You can have the perfect segmentation. You can have the highest-quality email list. You can have copy that converts 50% of readers into customers. But if the email lives in Gmail's spam folder, you've made zero dollars.

Deliverability is foundational. It's not exciting. It's not something you optimize for engagement or conversion. It's something you build once and maintain forever.

But it's the difference between your emails reaching your customers and them never seeing your message.

A fashion brand we work with had a 32% open rate. Then it dropped to 8% overnight. Same list. Same sends. Same strategy. Nothing changed except one thing: their sender reputation took a hit.

We've documented this scenario and similar deliverability fixes in our case studies. They spent two weeks diagnosing the problem. ISPs had started marking their emails as spam because their list health had degraded. They'd been importing list segments without validating them. Dead email addresses were bouncing. Spam complaints were creeping up. ISPs noticed.

Once they fixed the list health issues, cleaned up the bounces, and re-established their sender reputation, the open rate came back to 30%. Same email. Different reputation. Completely different outcome.

That's why deliverability matters. It's not a nice-to-have. It's foundational.

Your list health is the foundation

Before you worry about sender reputation or authentication, fix your list.

List health is simple: what percentage of your list is actually valid?

A valid email address is one that exists, belongs to an actual person or business, and can receive email. An invalid email is a typo, a fake address someone used at signup, a dead address that bounced, or a spam trap.

If 10% of your list is invalid, ISPs notice. They see bounces. They see complaints. They mark your sender as spam.

Here's what most brands do wrong: they import a list without validating it. They buy a list from someone sketchy. They capture emails without confirmation. Then they send to all of it.

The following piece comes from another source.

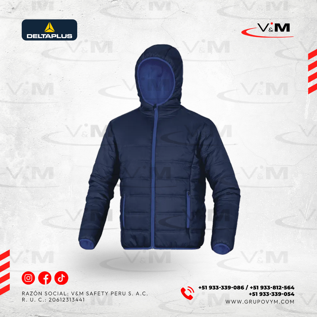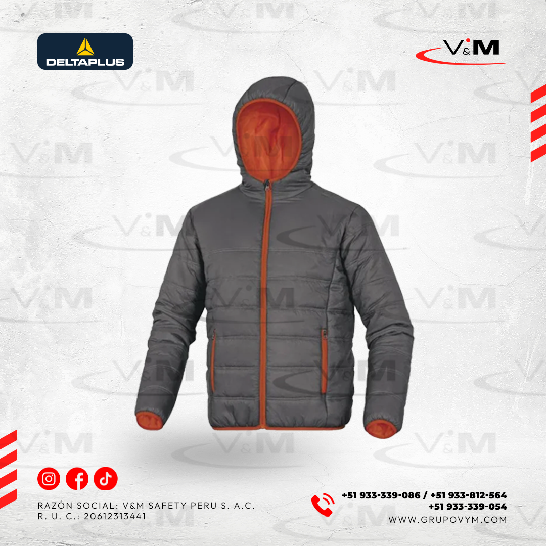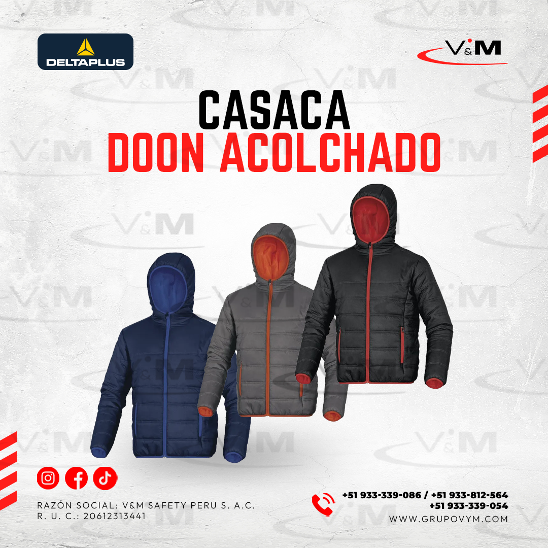La casaca DOON de Delta Plus ofrece protección térmica gracias a su acolchado de poliéster y forro de tafetán. Ideal para reformas, artesanos y almacenamiento. Disponible en varios colores y tallas (S a XL), con capucha fija y diseño resistente.

Bad emails start piling up. Bounces go up. ISPs get annoyed. Your reputation tanks.

Here's how to fix it:

Step 1: Audit your current list In Klaviyo, go to Lists and Segments. Look at your main list. How many people are on it? Now check your bounced email reports. What percentage of your list is hard bounces (permanently invalid) or soft bounces (temporarily unreachable)?

If more than 5% of your list is hard bounces, you have a problem. That's a red flag that your list quality is poor.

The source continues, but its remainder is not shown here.